Exploring the Lifecycle and Maintenance Practices of Pre-Trained Models in Open-Source Software Repositories
Matin Koohjani, Diego Elias Costa
TL;DR
The paper tackles the challenge of understanding how pre-trained models (PTMs) are adopted, maintained, and tested in open-source software, addressing lifecycle gaps arising from inconsistent semantic versioning. It proposes an exploratory study built on the PeaTMOSS dataset to mine PTMs used in production-oriented OSS projects via Hugging Face and PyTorch Hub, guided by five research questions on characteristics, usage, evolution, testing, and issues. The approach combines call-site mining, $PageRank$ centrality, $Kaplan-Meier$ survival analysis, and qualitative coding with $Cohen-Kappa$ reliability to map PTM roles, update patterns, and testing practices.

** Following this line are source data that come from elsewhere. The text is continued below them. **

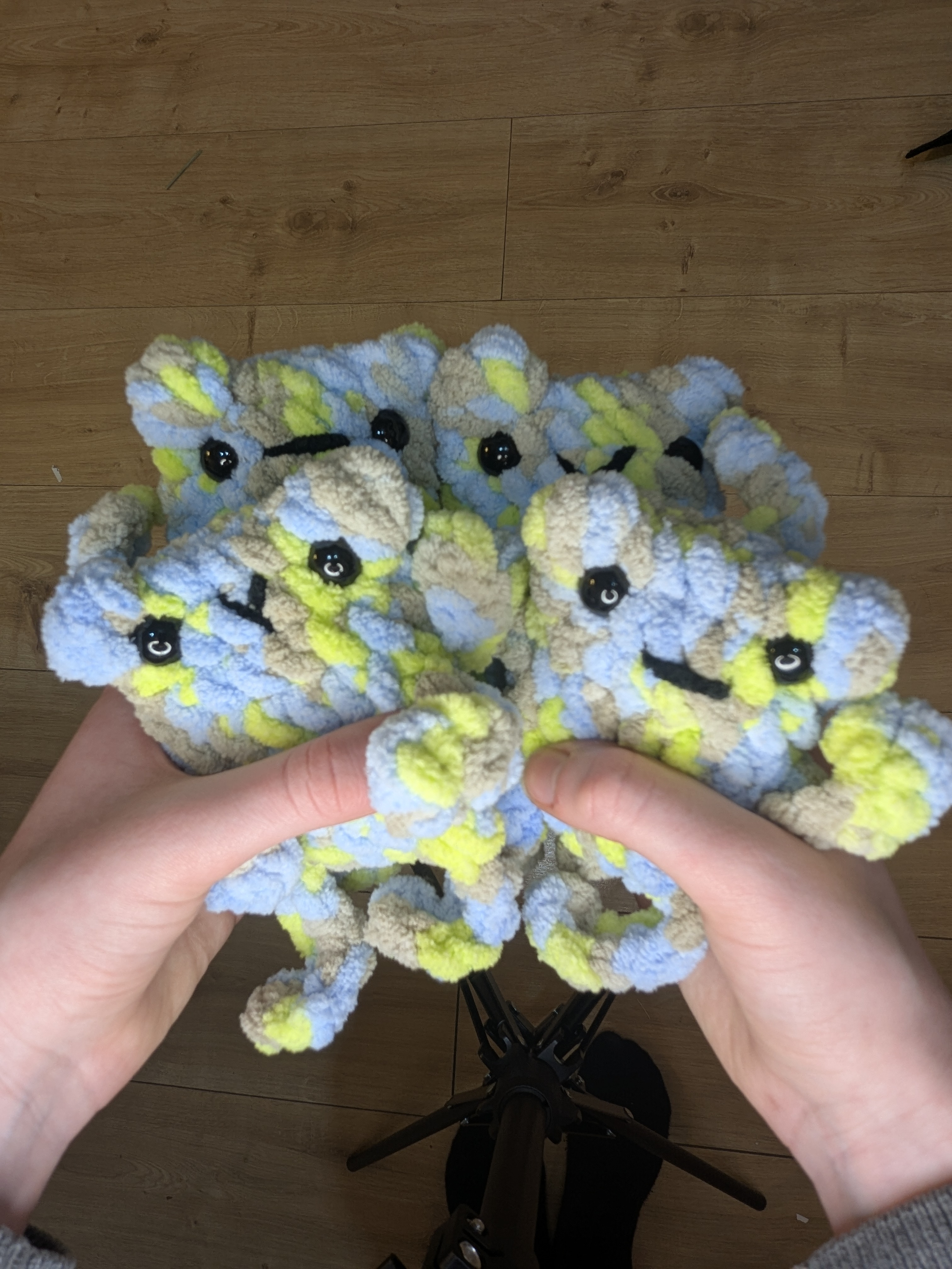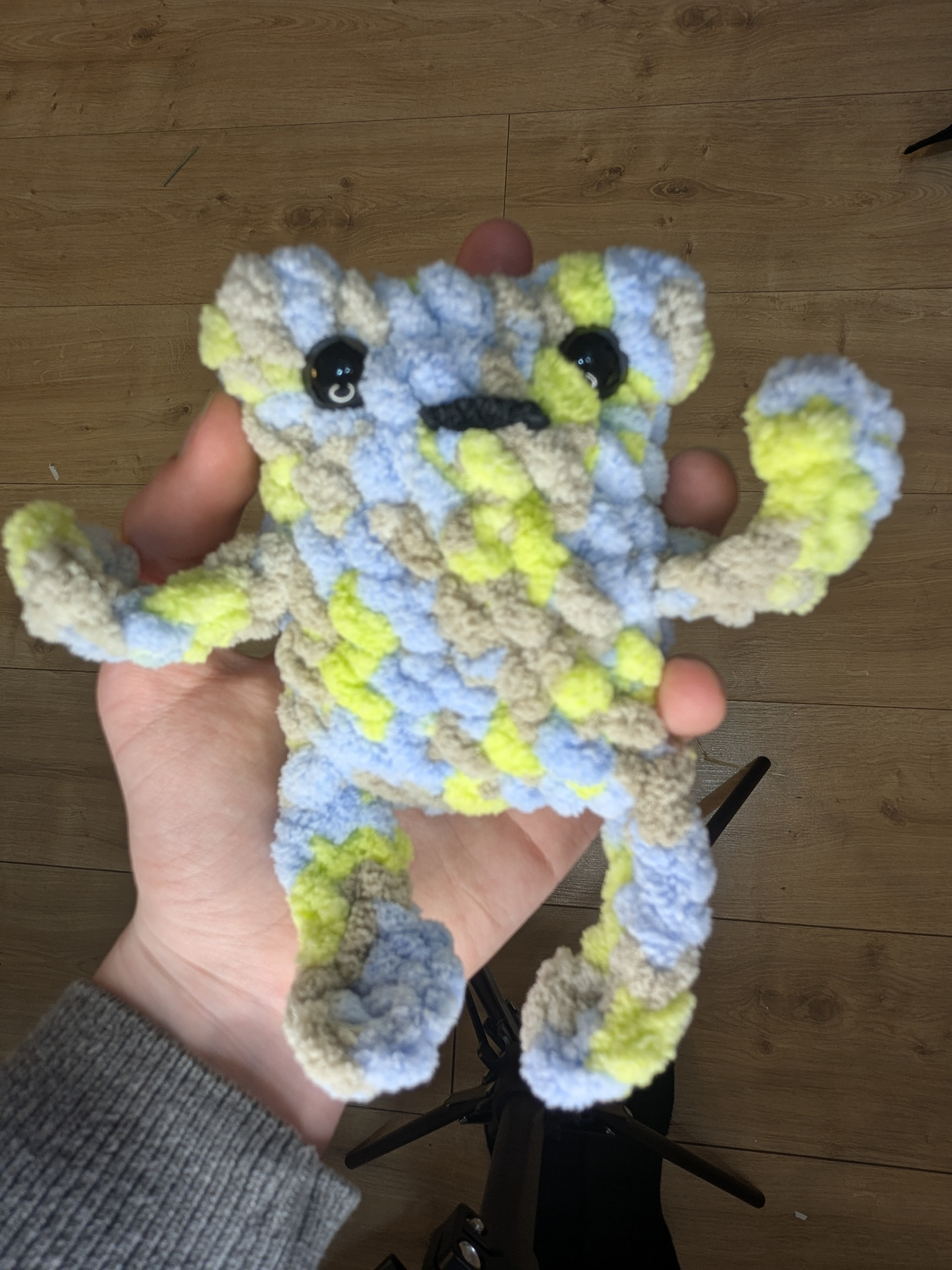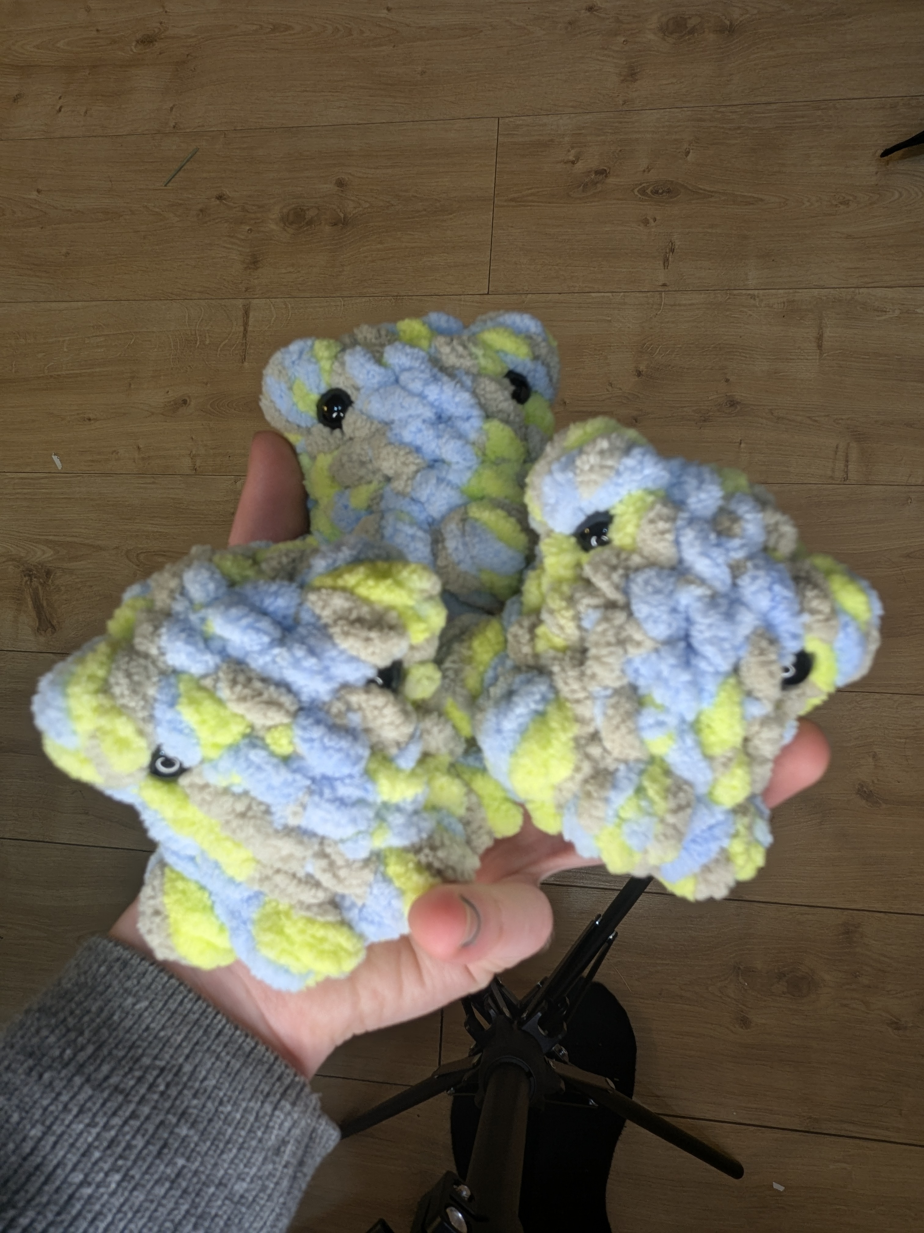 I would love to test these frogs! I’d use green bulky yarn and a 6.50mm hook, I would test the sitting frog or both if you need!
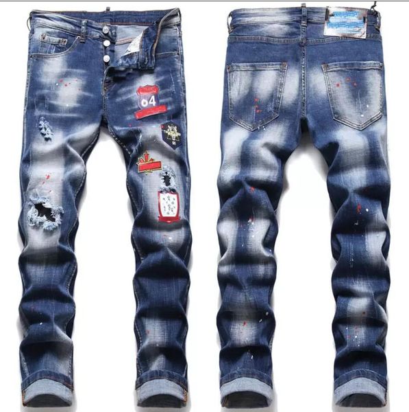 men slim fit straight leg jeans stretchy ripped badge skinny men's denim pants 5-pocket regular jean destroyed hole clothing pant hip h, Blue
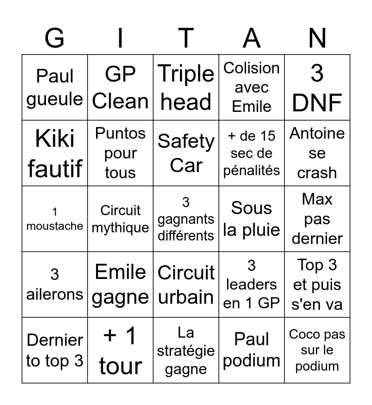 This bingo card has a free space and 24 words: Emile gagne, + 1 tour, Safety Car, Dernier to top 3, 3 DNF, Paul gueule, Kiki fautif, GP Clean, Sous la pluie, Circuit urbain, + de 15 sec de pénalités, 1 moustache, 3 leaders en 1 GP, Top 3 et puis s'en va, Puntos pour tous, Paul podium, Max pas dernier, Triple head, Antoine se crash, Circuit mythique, Coco pas sur le podium, 3 ailerons, Colision avec Emile and La stratégie gagne.
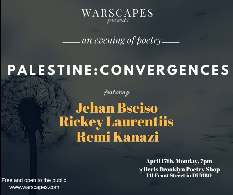 If you're in New York on April 17th I strongly urge you to go to this. Palestine: Convergences. An evening of poetry.
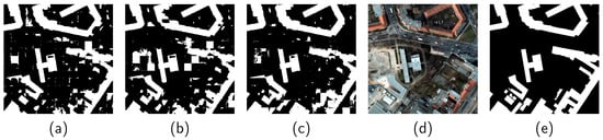 Results obtained from (a) RegGAN (no regularized loss), (b) RegGAN (no multiscale discriminator), and (c) RegGAN. (d,e) are the corresponding remote sensing image and ground reference on the ISPRS dataset (GSD: 5 cm/pixel).
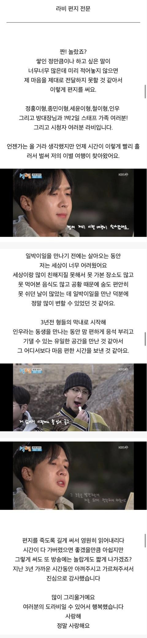 군대때문에 1박2일 하차 한다고 편지썼던 라비
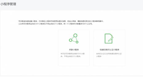目前微信支持公眾號(hào)和小程序的互通關(guān)聯(lián)。微信公眾號(hào)可以快速關(guān)聯(lián)和創(chuàng)建小程序,小程序也可以展現(xiàn)公眾號(hào)的內(nèi)容。已關(guān)聯(lián)的小程序可被使用在圖文消息、自定義菜單、模版消息和附近的小程序等場景中。公眾號(hào)可關(guān)聯(lián)同主體的10個(gè)小程序及不同主體的3個(gè)小程序。同一個(gè)小程序可關(guān)聯(lián)最多500個(gè)公眾號(hào)。通過微信公眾號(hào)后臺(tái)的小程序管理功能,只需要簡單操作便可完成關(guān)聯(lián)和創(chuàng)建,并完成不同場景的展現(xiàn)。
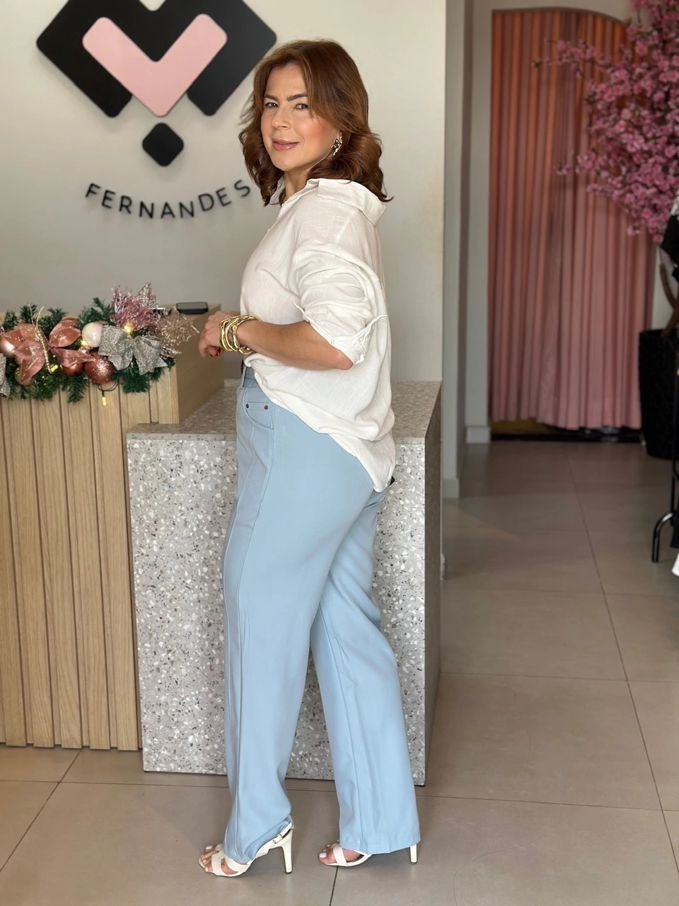 A calça pantalona acompanha um cinto que valoriza a silhueta e traz um toque extra de estilo. Confeccionada em tecido leve e confortável, é perfeita para usar em qualquer ocasião. Sua modelagem ampla garante movimento e elegância, tornando a peça ideal para compor looks versáteis e sofisticados.
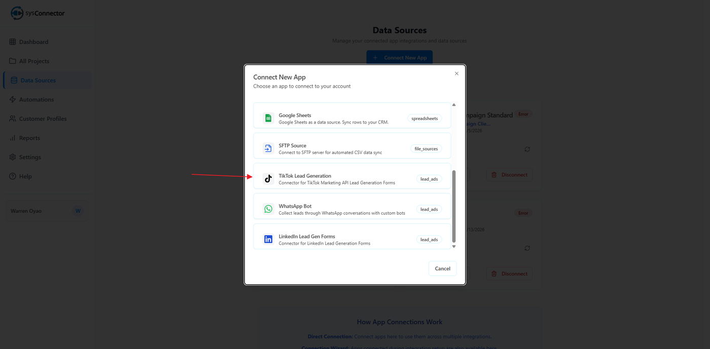 sysConnector is now connected to your TikTok Lead Generation Forms, and leads will begin syncing automatically.
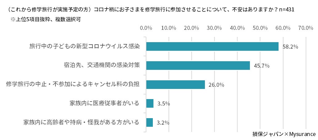 これから参加させる際に不安なことTOPは「旅行中の子どもの新型コロナウイルス感染(58.2%)「宿泊先、交通機関の感染対策(45.7%)「修学旅行の中止・不参加によるキャンセル料の負担26.0%

The anticipated contributions include actionable guidance for PTM governance and maintenance in OSS and a publicly available replication package to support reproducibility and further research.
Abstract
Pre-trained models (PTMs) are becoming a common component in open-source software (OSS) development, yet their roles, maintenance practices, and lifecycle challenges remain underexplored. This report presents a plan for an exploratory study to investigate how PTMs are utilized, maintained, and tested in OSS projects, focusing on models hosted on platforms like Hugging Face and PyTorch Hub. We plan to explore how PTMs are used in open-source software projects and their related maintenance practices by mining software repositories that use PTMs and analyzing their code-base, historical data, and reported issues. This study aims to provide actionable insights into improving the use and sustainability of PTM in open-source projects and a step towards a foundation for advancing software engineering practices in the context of model dependencies.